And when the report is published, the Economics Department men read it, discuss it, and go ahead as they were planning to. The Overseers certainly have the power to investigate the College, but their conclusions can be adopted, ignored, or rejected. The procedures followed by the governing bodies of Harvard since the seventeenth century linger on, but the power within the College has shifted drastically over the years. What the Corporation, Overseers, Faculty, and Administration could do is quite different from what goes on in practice.
The Corporation could, for example, assert itself on educational policy, but Corporation members would be the first to admit that they are not best fitted for academic decisions.

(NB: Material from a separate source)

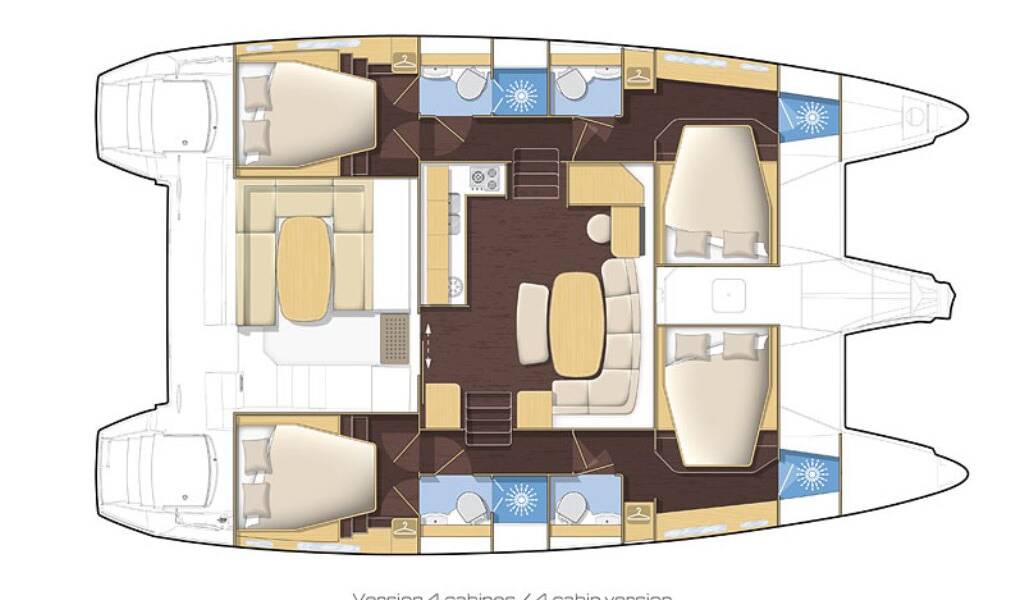 Diese Yacht Lagoon 421 (Katamaran - Baujahr 2011) liegt in der Bodrum/Turgutreis/D-Marin, Aegean, Türkei. Sie verfügt über 4 Kabinen, bietet Ihnen Platz für 10 Personen und hat 4 WC.

The power lies with the Corporation but there has grown such an iron tradition of non-interference that its exercise is now sharply limited. Again, on paper, the Overseers could be rigorous in their supervision of the Corporation and the Administration. But in the twentieth century, the Overseers are more la pressure group than real authorities in the College government.
The Faculty, too, while holding the final word on matters of education, have delegated the responsibilities and now serve primarily as a ratifying body.
Confidence from Watchdogs
Dean Acheson was not far from the mark when he observed, speaking of the six months when Harvard was recently without a President, "We at New Haven have, of course, followed closely the recent meetings, at Cambridge when that most touchy of maneuvers--the transmission of power in a dictatorship--was accomplished."

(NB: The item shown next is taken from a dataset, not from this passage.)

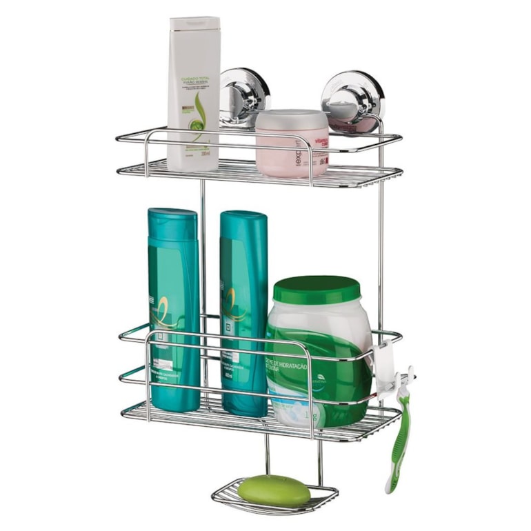 Produzido em aço carbono, tem tecnologia rust free, que garante uma proteção até 5 vezes maior contra a ferrugem, preservando ao máximo a vida útil e agregando maior qualidade a sua peça! Ele conta com dois andares, uma saboneteira, ganchinhos nas laterais para colocar aparelho de barbear e ainda vem com grades de proteção em suas prateleiras!

Let this ironic description, coined at a Harvard-Yale dinner last fall be taken too seriously, it must be stressed that the strong powers which the Administration undoubtedly possesses can be exercised only because the President and his Dean have won the confidence of their watchdog groups. Yet once there is this basic confidence, the Administration is able to battle for its programs and can generally finesse opposition.
Through the College Charters, Statutes, and rulings, runs also that fragile thread of personalities and human relationships which can keep the warp of the Corporation interwoven harmoniously with the woof of the Faculty. When this thread is snapped, as it has been occasionally, the result is revolt and hostility.

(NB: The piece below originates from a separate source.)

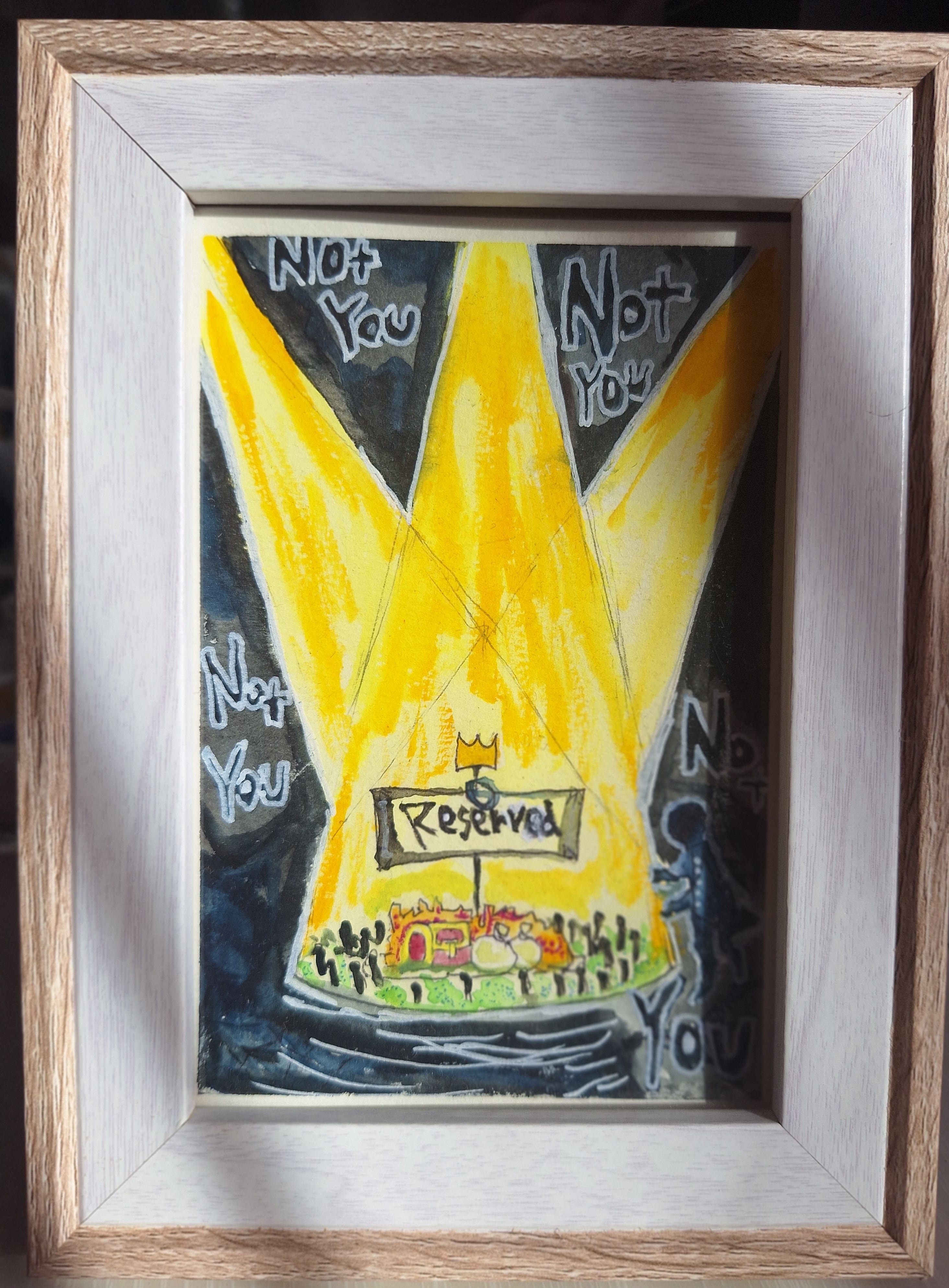 ポストカードサイズの原画には既製品の簡易的なフレームが付属します。

The Administration includes the President, his Provost or Dean of the Faculty, and the dean cry of University Hall. Within this framework there can be wide variation: President Lowell believed in autocratic government and his years were almost a reign. President Conant, with his frequent absences and an expanding student body, preferred to delegate authority, and he set up the positions of Administrative Vice-President and Provost. The Vice-President, Edward R. Reynolds, is charged with the administration of budgets and working with treasurer Paul Cabot on financial policy. Provost Paul H. Buck was Dean of the Faculty, with added jurisdiction over libraries and museums. President Pusey retained the Vice-Presidency and its incumbent, but the Provost's position is again Dean of the Faculty, with McGeorge Bundy in the job.
Perhaps the most telling way to show the checks and balances between the governing bodies of Harvard, and the resulting pre-eminence of the Administration, is to consider separately the Corporation, the Faculty, and the Overseers and their relation to the Administration.
Corporation
The Corporation's area of complete control is in finances; it is a small board, the President, Treasurer and five Fellows, and so can give vigorous inspection to the budgets.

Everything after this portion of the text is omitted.